2.5. Hi-C analysis using HiC-Pro#

CustardPy also allows the Hi-C analysis by HiC-Pro.

First, edit config-hicpro.txt. Set the BOWTIE2_IDX_PATH and GENOME_SIZE variables to absolute paths that match your environment.

The CustardPy docker image stores the restriction files for HiC-Pro in /opt/restriction_sites/HiCPro-restriction_sites/. You can set GENOME_FRAGMENT accordingly without preparing them. An example is shown below.

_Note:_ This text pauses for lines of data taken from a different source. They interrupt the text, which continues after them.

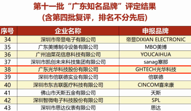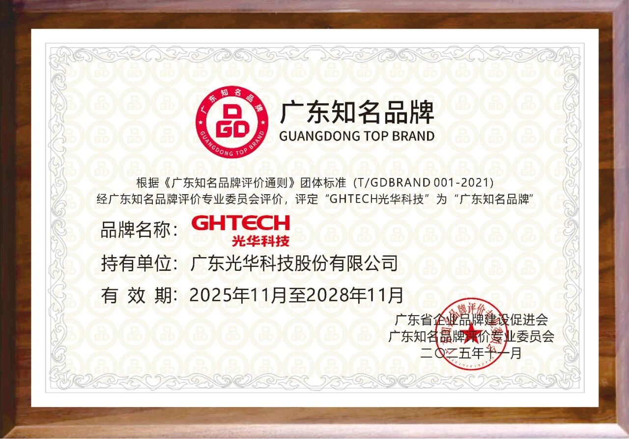 经广东知名品牌评价委员会召开现场及小组评审工作会议,对申请品牌进行了企业申报、资格审查、申报材料核查、实地抽查、行业知名度调研、公开查询、专家评审等一系列环节后,第十一批“广东知名品牌”名单揭晓。本次榜单汇聚了广东各领域的标杆企业,包括Transsion 传音、DONGPENG东鹏、555虎头电池等知名品牌。“GHTECH光华科技”以领先的技术实力、完善的产品体系及优质的客户服务,荣获“广东知名品牌”,彰显了其卓越的品牌实力。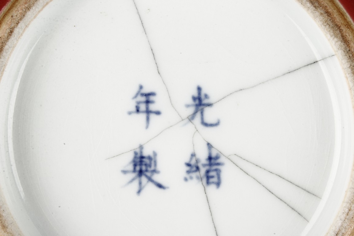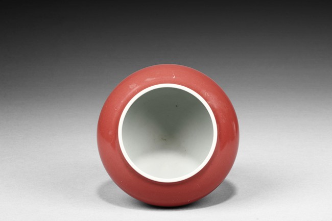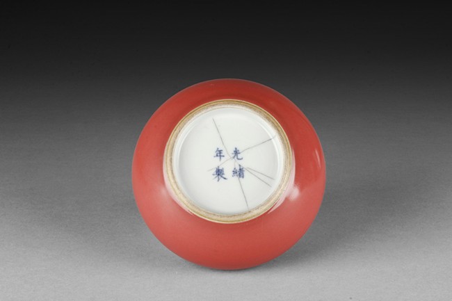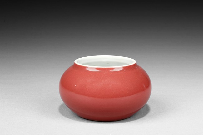 Of compressed globular form, the exterior of the water pot is entirely covered with ruby red glaze. The base is left white and bears four character'GUANGXU' mark.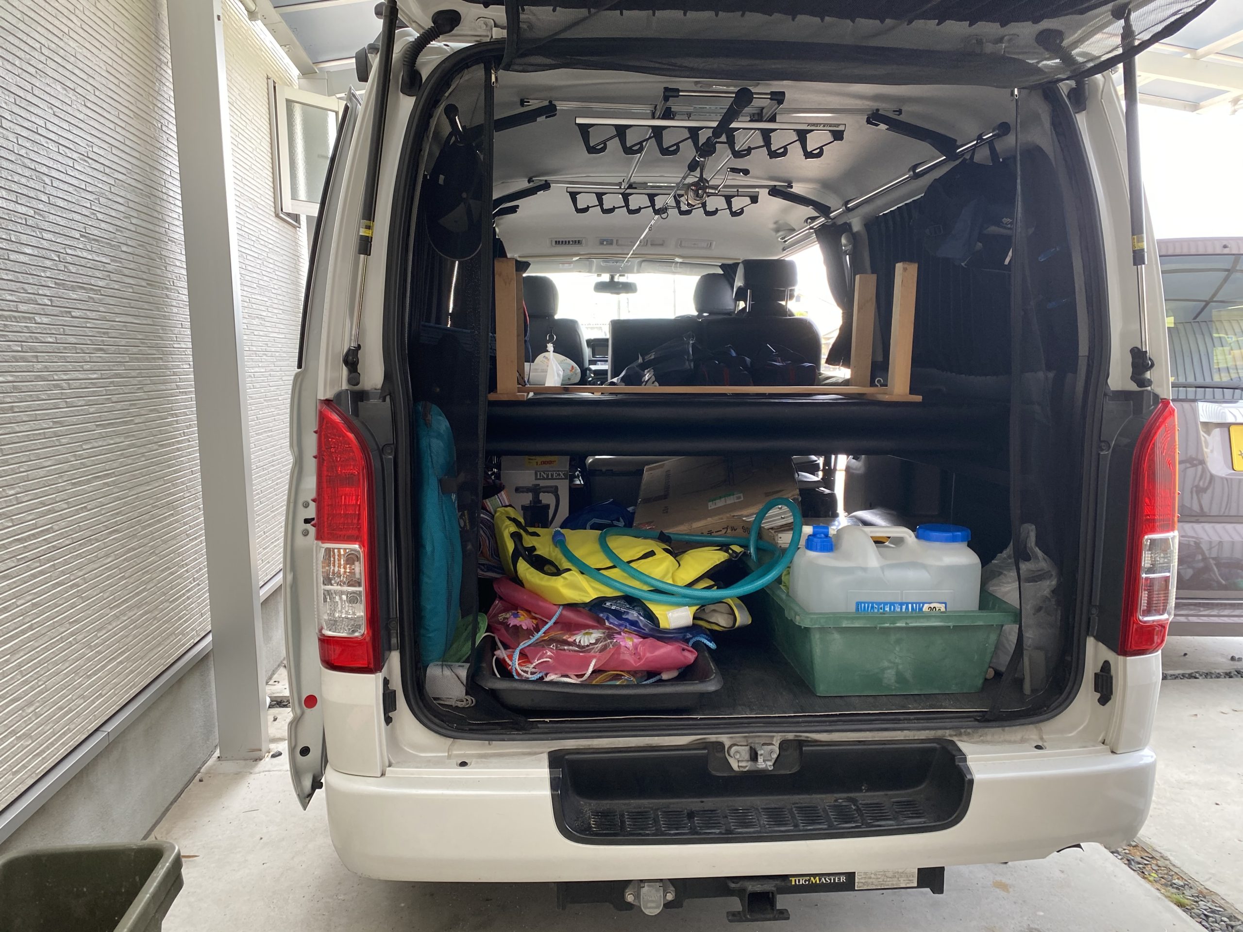 ハイエースは荷室広々なので適当にぶち込んで出発!

BOWTIE2_IDX_PATH = /home/youraccount/CustardPy/tutorial/Hi-C/03.HiC-Pro/bowtie2-indexes
REFERENCE_GENOME = hg38
GENOME_SIZE = /home/youraccount/CustardPy/tutorial/Hi-C/03.HiC-Pro/genometable.hg38.txt
GENOME_FRAGMENT = /opt/restriction_sites/HiCPro-restriction_sites/MboI_resfrag_hg38.bed

Then, run the command below to perform the Hi-C analysis from FASTQ files using HiC-Pro. CustardPy provices the hicpro command to run HiC-Pro.

fqdir=fastq/
hicpro -i $fqdir -o HiCProResults -c config-hicpro.txt

Analysis will be run for all subdirectories in $fqdir. The output files are the same as that of HiC-Pro. For details, please refer to the official website.